I recently gave a talk at the North Carolina CEO Forum. It was a great event attended by over 400 CEOs and executives. Given the audience, I focused my talk on seven key lessons for executives we’ve learned at Infinia ML over the past two years as we’ve implemented a few dozen machine learning projects.
After any talk, I usually get a handful of people that come up to me to ask how can they catch up. I can see the fear in their eyes. They read every day about some new breakthrough or an announcement that one of their competitors is doing something with machine learning. I do my best to ease their concerns because we are still at the beginning of the beginning. In 2019, the vast majority of machine learning projects are not fully deployed, production-level implementations. Often they are experiments. In many cases, these projects may show good results, but there are impediments with getting the project into production.
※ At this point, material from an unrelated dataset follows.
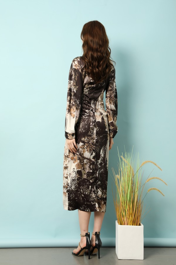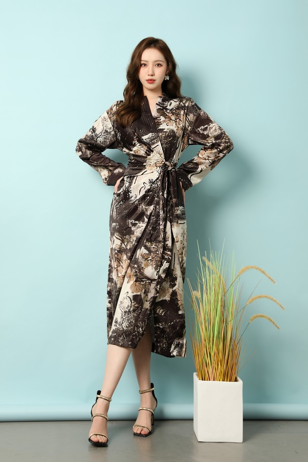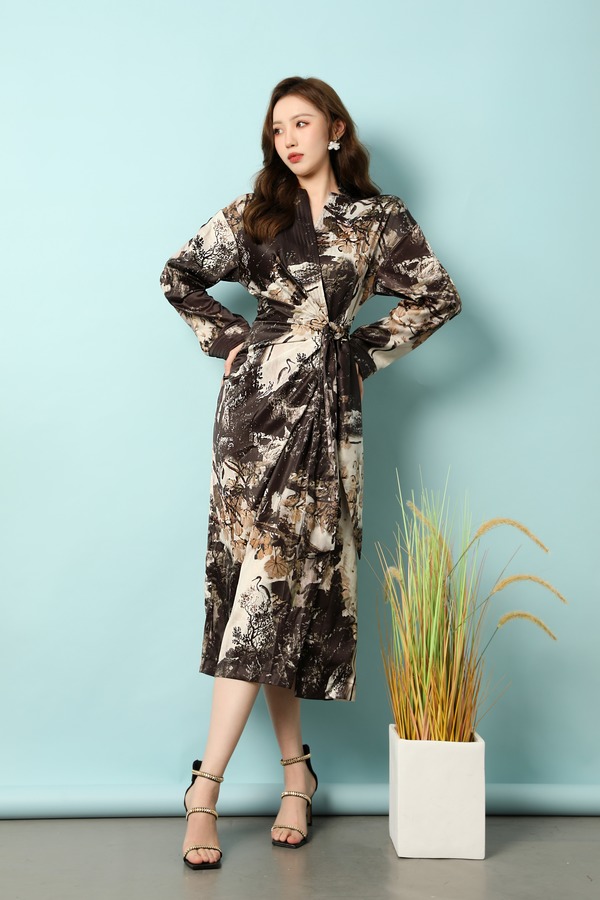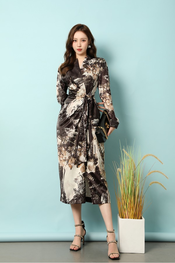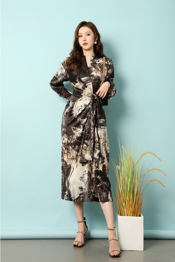 ANSUABEL 中式水墨印花光泽感醋酸连衣裙 18185

The press has overstated the adoption of machine learning so far. If you are getting started now, you are not really behind. But that won’t last. Things will evolve quickly and yesterday's experiments will turn into real applications in the near future. To borrow an ancient Chinese proverb, the best time to start a machine learning project was five years ago. The second best time is now.
CEOs like to create strategies. You create a high-level strategy and then turn your team loose on figuring out the details. You might think that with machine learning, you need an overarching strategy that defines the purpose, techniques, and goals of what you want to accomplish. But that would be WRONG thing to do.
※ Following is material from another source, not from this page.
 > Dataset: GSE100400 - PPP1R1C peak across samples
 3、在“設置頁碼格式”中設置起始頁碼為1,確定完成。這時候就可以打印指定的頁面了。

Before you can do anything with machine learning, you need data. Machine learning needs data and a lot of it. Unfortunately, getting access to data and building a repeatable pipeline around that data tends to be the “long pole in the tent” for most machine learning projects. You will save yourself a lot of time and money if you have a tight data strategy before you start thinking about machine learning.
For more on this topic, see Assessing Your Data Readiness for Machine Learning.
When we started Infinia ML back in 2017, we hoped machine learning model development would be 75% or more of the work required to solve a project. Turns out that while ML is the secret sauce to the project, it may only be 25–30% of the work. Wrangling data, creating pipelines, putting the solution in production, and integrating with other systems takes a tremendous amount of effort.
Moral of the story: machine learning doesn’t limit or reduce all the other aspects of an automation project. In many ways, due to its dependency on high-quality data, it means the non-ML parts of a project are even more important.
You’ve spent all this time and resources developing a machine learning model, and now you are ready to go live. Time to sit back and enjoy the results, right? Nope. In fact, you are just getting started with ML when you get a project into production. There are a whole host of issues that reveal themselves only once you get to production. For example, does the production data resemble the data you trained on during development? If not, you might get results you don’t expect. Are you able to even measure how well your ML model is performing in production? How do you know that it is performing well or not? How do you update the model moving forward?
When you are deploying your first ML project to production, you should consider thinking about the production step as part of the development process, not the end of it.
CEOs always have questions about hiring. Here is one that we learned by hiring 20 data scientists in a couple of years: centralize your data science function. While Infinia ML is a relatively small company, I’d be willing to bet we have one of the largest data science teams in our area because we keep them in one team. We’ve had over 1,000 applicants to our data scientist position in one year and having this central team is a big reason for the interest.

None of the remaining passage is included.